Yolda irerlerken yağmurun saçlarımı ıslatmasına izin veriyordum. Çamur olmuş yolda hiç aldırmadan yürüyordum. Kafamı yere salmış yürürken eve az kaldığını fark etmemle kafamı yerden kaldırdım. Önümde gördüğüm şeyi belki tahmin edebilirdim ama yine de şaşırmıştım. Koray gitmemiş orada sırılsıklam bekliyordu. Vucudunun her yeri ıslanmıştı ama o oradaca oturup beni bekliyordu.
Yapmam gereken şeyi bilmiyordum. Suçsuzdu Koray ama yine de ben hâlâ ne yapacağımı bilmiyordum. Yanına hızla yaklaştım. ''Ne yapıyorsun ya burda?''dedim telaşla. Halsizdi. Kafasını yavaşca kaldırıp bana baktı ve zorla da olsa sırıtıp dedi ''Seni bekliyordum'' Neden bilmiyorum ama beni olduğumdan daha da kötü hâle soktu bu cümle. Umursamadan gitmiştim onu ama beni beklemişti.
Eğilip tek kolunu kafamın arkasına geçirip ayağa kaldırdım ıslak bedenini. Kapıyı açarak içeri geçtik zorda olsa. Odama geçirip yatağa uzattım. ''Neden bir anda umursuyorsun beni?''dedi gözlerini açarak. ''Biliyorum çünkü''dedim. Benden saklamasına kızmıştım ama katil olmamasına sevinmiştim yine de. Bunu duyunca şaşırdı ilk sonra her şeyi boşverer bir ifadeyle yatakta rahatladı yerini.
Elime bir dest kendi kiyafetlerimi alıp yanına geldim. ''Kalk üstünü deyiş hasta olacaksın''dedim. Aslında ona kızacak bir nedenim kalmamıştı artık ama yine de gururuma yediremiyordum bunu. Yatakta dikelerek yorgun bakış attı bana ve ardından dudakları ''Ben yapamam sen yapsana''demek için oynadı. Bıkmış bir nefes bıraktıktan sonra ellerimi tişörtüne attım. Tek hamlede çıkardım üzerinden lacivert tişörtü. Vucudunun kasları ortaya serildi. Islak olan kasları beni neredeyse kendimden çıkarıyordu.
''Hadi giyin''diyerek elimdeki tişörtü düzelttim. Tek hamlede elimden tutarak aşağıda sabitledi. ''Bence giymeyeyim ya çok sıcak''dedi. Havanın dondurucu soğukluğunda?

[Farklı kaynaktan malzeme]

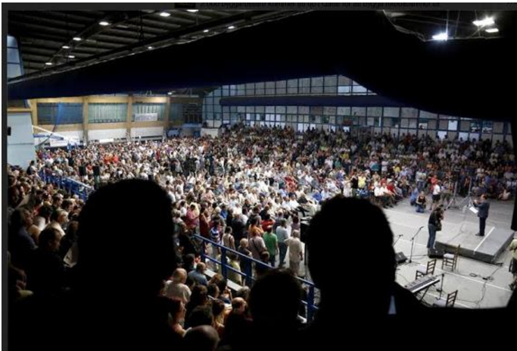
Offentligt opinionsmöte med Vänsterplattformen i Aten (måndag 27/7)

Men, svarar säkert Ehrenberg och många ”realister” med honom. Det fanns och finns ingen majoritet i Grekland för denna socialistiska övergångsstrategi. Om vi bortser ifrån att politik ibland är att vilja och att det kan finnas en väldig dynamik, en verklig klassrörelse, om ett vänsterparti på allvar utmanar makten. Om vi trots denna möjlighet accepterar invändningarna som troliga. Ja, då återstod – och återstår – självklart plan B, nämligen att i ett nyval begära förtroende för detta program, samt att vid en förlust acceptera en återgång till rollen som ett trovärdigt oppositionsparti. Varför i expressfart göra om de misstag som i dag fått Europas socialdemokrati att krypa på sina knän? Bättre att låta de rikas partier ta ansvar för svältprogrammen och själv stärka all folklig självorganisering i väntan på att tidvattnet vänder.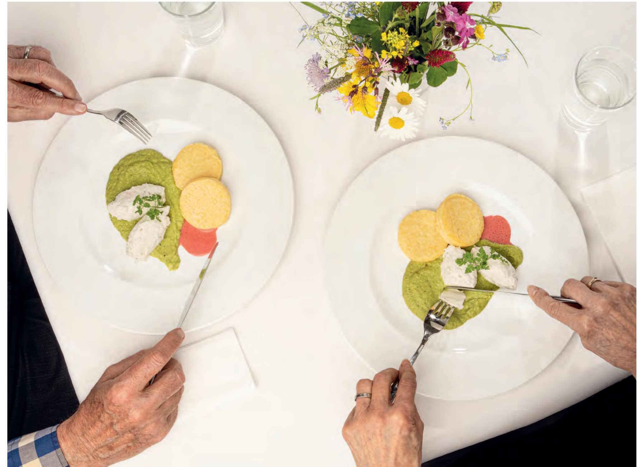
Gedämpfte 11er Polentini mit Zander-Nockerl auf Speck-Wirsing Püree und Rote Beete Kren Sauce. ■ Steamed 11er Polentini with pikeperch dumplings on a bacon-Savoy cabbage purée and a beetroot and horseradish sauce.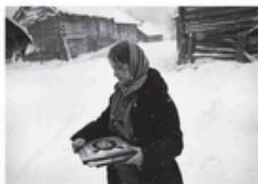
Carélie - Kolodozero / Pogost - 2013

De vieilles mesures destinées à entreposer la nourriture.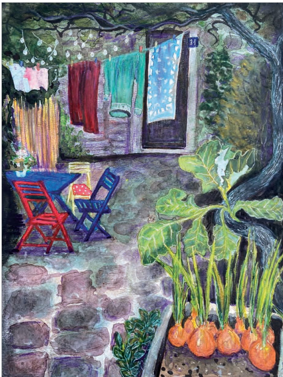
Дворик в Каменари. Смешанная техника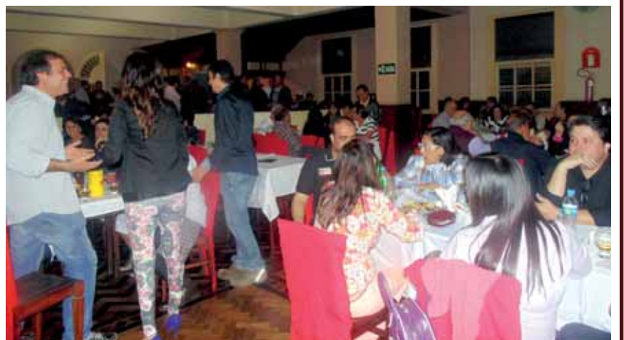
Parte do público que prestigiou o evento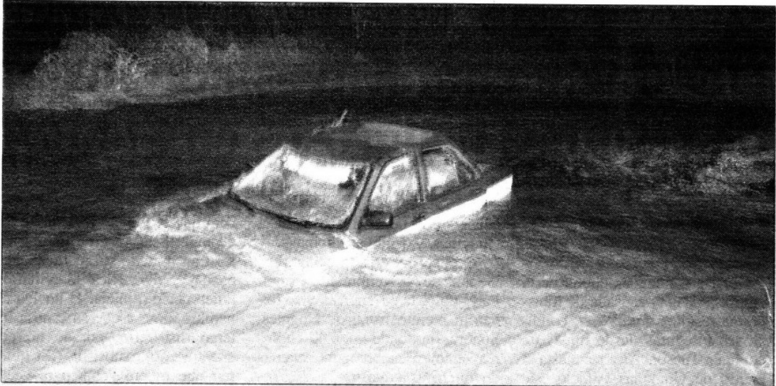
Un menor de edad desapareció en un río de San Pedro Ixtlahuaca, Oaxaca, cuando el taxi en el que viajaba junto con su madre fue arrastrado por las aguas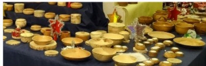
Objets en bois tourné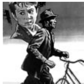
▲ El ladrón de bicicletas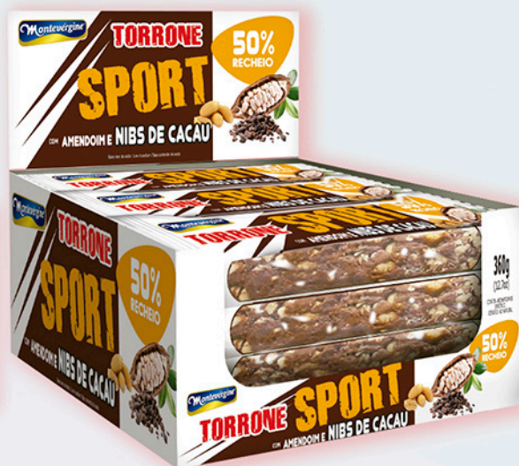
Cód: 1411 Torrone Sport Amendoim & Nibs de Cacau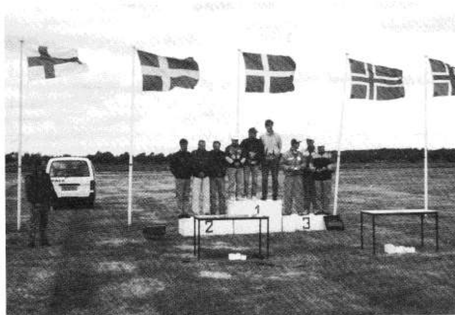
De tre beste lagene fv. Dk, S, SF, som man ser vaiet flaggene godt i vinden.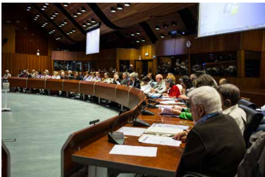
Soci della FFOA partecipano all'AG 2015 tenutasi presso l'Auditorium del PAM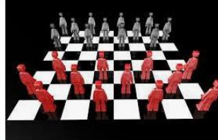
Concepto Del Juego De Mesa Del Inspector Sto...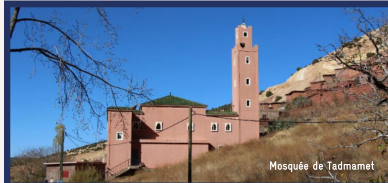
Mosquée de Tadmamet

''Ne saçmalıyorsun?''dedim ''Hava buz gibi hasta olacaksın giy şunu''diyerek diğer elimle uzalttım tişörtü ona. Bu sefer diğer kolumu da tutarak ''Bak hatta sen de çıkar çok iyi olur''dedi. Nihayet anlamıştım ne demeğe çalıştığını. Ama yine de mala yatarak ''Hayır soğuk ben üşürüm''deyip kalkmayı denedim. Bir hamlede vucudumu yatakla bir edip üzerime çıktı kollarımı hâlâ bırakmadan. ''Ben seni ısıtırım''dedi. Derince yutkundum.
Tuttuğu kollarımı bırakmadan dudaklarını dudaklarıma dayadı. Dudakları dudaklarıma hakim olub sert darbelerle öpmeye başladı. Ben aklımda olan tüm soruları çöpe atarak karşılık verdim ona. Dudaklarımda bir süre oyalandıktan sonra boynuma doğru gitti dudakları. Sıcak nefesi öpücükler eşliğinde vururken boynuma benim nefesim kesilmişti...

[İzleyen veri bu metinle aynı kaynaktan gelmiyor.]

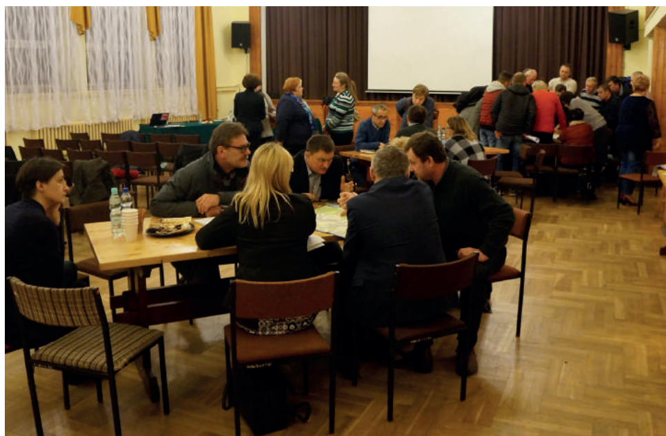
Dzięki takiej formie warsztatów mieszkańcy mogą aktywnie uczestniczyć w procesie planowania przestrzennego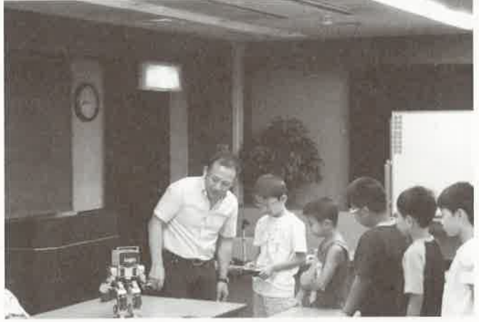
入門クラス ロボットを操作している様子

つづいて行われました応用クラスは、応用クラス用の機体を作成しました。こちらはミニノコギリ等の工具を使用して追加パーツを組み込んで作成し、ブレーキやダンパー等入門より高度なセッティングが速さに影響して、より白熱したレースが展開されました。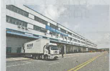
▲貨物在東莞物流園完成安檢等程序後，直送香港機場出口。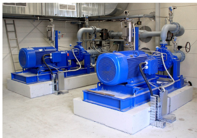
Transportpumpen für den Solbetrieb

Über 40 Kilometer lang ist die Rohrleitung, mit der die in Empelde anfallende Sole nach Sehnde gepumpt wird. Die Transportleitung wurde 2004 gebaut und entlang einer bestehenden Erdgasleitung unterirdisch verlegt. Nach Abschluss der Solarbeiten kann diese Leitung zum Erdgastransport dienen. Die Sole wird von Empelde über die erdverlegte Stahlrohrleitung bis nach Sehnde zum Bergwerk Bergmannsseggen-Hugo transportiert. Über 4,3 Millionen Kubikmeter Sole aus Empelde stabilisieren schon dort inzwischen die Hohlräume des ehemaligen Kalisalzbergwerks.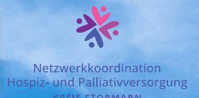
Netzwerkkoordination Hospiz- und Palliativversorgung KREIS STORMARN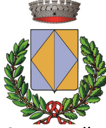
Comune di Istrana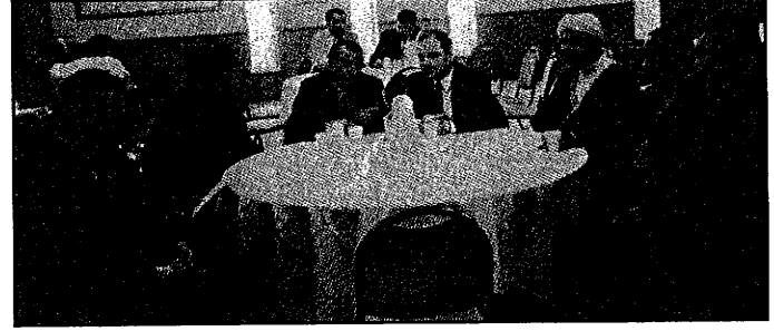
الطاولة الرئيسية في المهرجان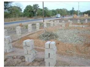
Construction classe CEM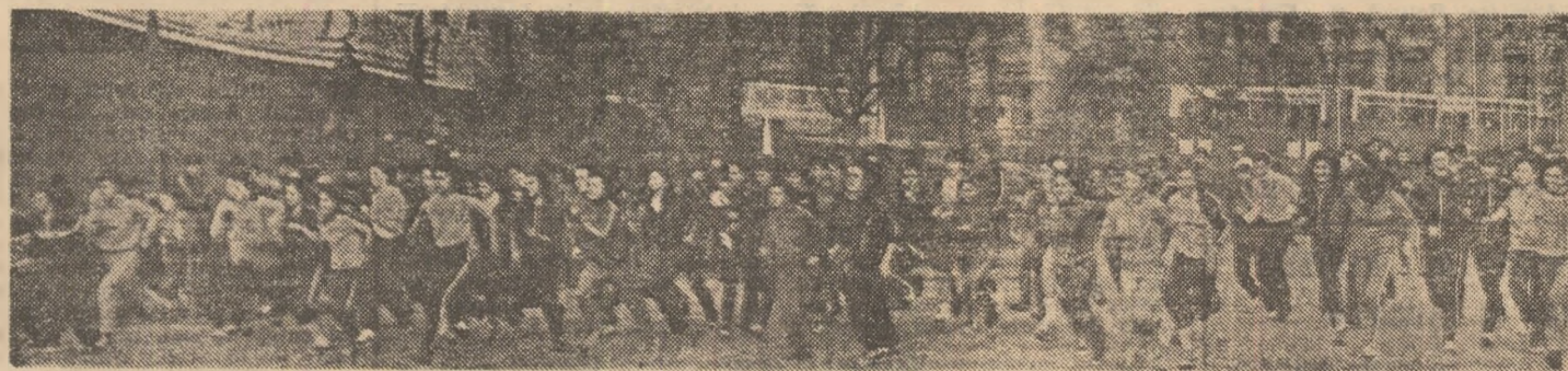
Secvență de la marea cursă din Parcul Tineretului

ieri, în Parcul tineretului din Capitală

Söylediği gibi çok sıcaktı.😉
...
Yıllar sonra mutluluğu bulmuştuk sanırım. Ara ara kötü geçen günlerimiz de oldu kötü haberler duyduk. Mesela Ferit abinin hapse girdikten 2 hafta sonra intihar ettiği haberi geldi. Büyük hüzne gömülmüştük. Ama üzülmem mi gerekiyordu bilmiyordum. Bu yüzden ağlamadım bile.

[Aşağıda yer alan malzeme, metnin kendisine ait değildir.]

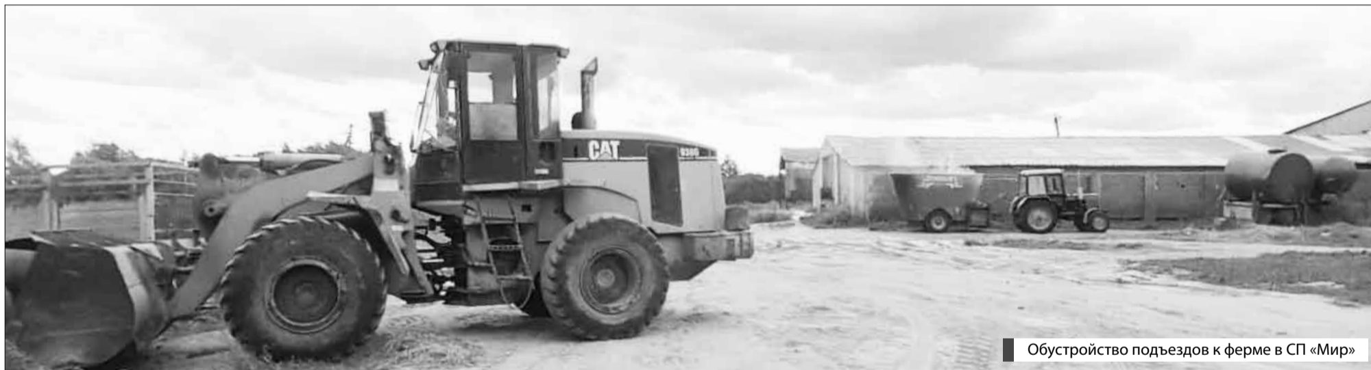
Обустройство подъездов к ферме в СП «Мир»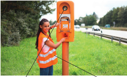
die Notrufsäule der Notruf die Warnweste emergency emergency reflective vest telephone call

Bunun yanında iyi haberlerimiz de vardı. Mesela Mustafa ve Melek evlendi. Düğünde çok komik anlar yaşamıştık mesela. Mustafa darısı başınıza demişti. Sonra bana ''Sen tabi kız tapamazsın bu kafayla''diyerek laf attığında Koray kolunu boynuma salarak ''Kız aradığını kim söyledi demişti'' ardından eğilerek dudağıma küçük öpücük kondurmuş tabi bizimkiler de mal mal bakmışlardı.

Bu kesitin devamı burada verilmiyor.